Зина курила, поднося резким движением папироску к ярко накрашенному рту. Она была рада мне — я чувствовал это.

— А Ярчук где? — спросил я.

— Живой, — ответил Фомин. — Да мы с ним не встречаемся.

— А Петров погиб, — сказал я. — Помнишь его?

— Петров? — переспросил Фомин. — Какой он из себя?

— Маленький такой. С большими глазами.

— А-а… — Фомин помрачнел. — Это тот самый, с которым вы тогда, — он выделил слово «тогда», — на меня наскочили?

— Он самый.

— Помню его. — Фомин кивнул. — А Ярчука мне жаль: в последнее время он скурвился. Письма присылал мне идейные, прошлого совестился, намекал: кончать-де надо с веселой жизнью. Я и на фронте не терялся. Приволок оттуда добра разного вагон и маленькую тележку. Зинка подтвердит, если не веришь. Часы ей привез золотые. Покажь, Зинка, какие я тебе часики отвалил.

— Не мели языком! — Встретившись с моим взглядом, Зина убрала руку под стол.

— Боишься — отберу? — Фомин захохотал. — Не бойся, не отберу. У меня таких пятнадцать штук. И еще кое-что есть. Машинных иголок — не счесть привез. Справлялся на рынке: штука — червонец. На год обеспечен!

— А дальше что? — спросил я.

— Там видно будет, — ответил Фомин. — Умный человек всегда найдет, как прожить.

— Кстати, ты в каких частях воевал?

— Секрет. — Фомин ухмыльнулся.

— Секрет?

— Секрет. — Он продолжал ухмыляться.

— Скажи-ка, чем пахнет немецкий тол? — Я спросил первое, что пришло в голову.

Фомин растерялся. Потом процедил, виляя глазами:

— Ты что, экзамен мне устраиваешь?

— Хотя бы. — Я старался поймать его взгляд.

— Не принюхивался! — отрезал Фомин.

Зина и ее подруга не сводили с него глаз.
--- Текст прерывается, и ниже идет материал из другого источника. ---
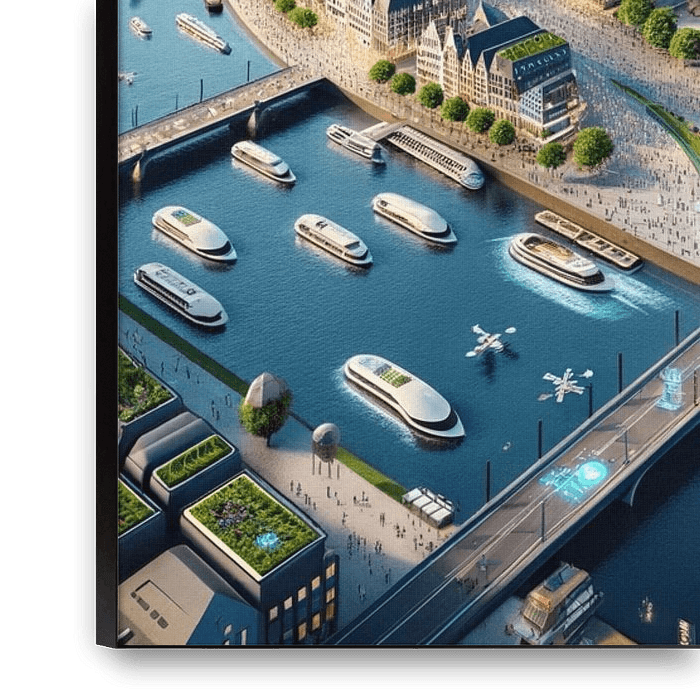 This modern digital poster shows a visionary future interpretation of the city of Cologne, in which centuries-old history and ultra-modern urban development merge in perfect harmony. Cologne Cathedral - the city's unmistakable landmark and cultural heart - rises majestically in the centre of the motif. It is surrounded by a futuristic…

— Тоже мне вояка, — скривил губы Фомин. — Побыл на фронте без году неделя и воображает.

— Не воображаю — горжусь, — уточнил я. — А немецкий тол чесноком пахнет — запомни это.

Фомин достал носовой платок, вытер лицо.

— Не один ты воевал — мне тоже пришлось хлебнуть.

— В трофейной команде, — выдала Фомина Зинина подруга — та девушка, которая в ноябре 1943 года провожала Ярчука. Сейчас она была не в тельняшке — в обыкновенном платье и, кажется, без пудры.

— Ну и что с того! — взорвался Фомин. — Там тоже опасно было. Двое наших на мине подорвались.

Я расхохотался.

— Теперь понятно, откуда у тебя часики и все прочее.

— Ловкость рук и никакого мошенства! — с вызовом произнес Фомин.

— Вижу, — Я постарался вложить в это слово презрение к нему.

Фомин сделал вид, что не понял, развалился на стуле, вынул портсигар, закурил.

— Тоже трофейный? — поинтересовался я.

— Ага, — с издевкой откликнулся он. — Из чистого серебра. Двести шестьдесят граммов в нем — сам взвешивал.

Повернувшись к Фомину, Зина сказала:

— Хвастливым ты стал.

— Не дрожи! — Фомин посмотрел на меня. — Он ничего не докажет. Трофеи — это трофеи. А с карманными кражами покончено! Отслужу — агентом по снабжению устроюсь. Или еще куда-нибудь, где не пыльно. Будем жить мы с тобой, Зинка, как король с королевой!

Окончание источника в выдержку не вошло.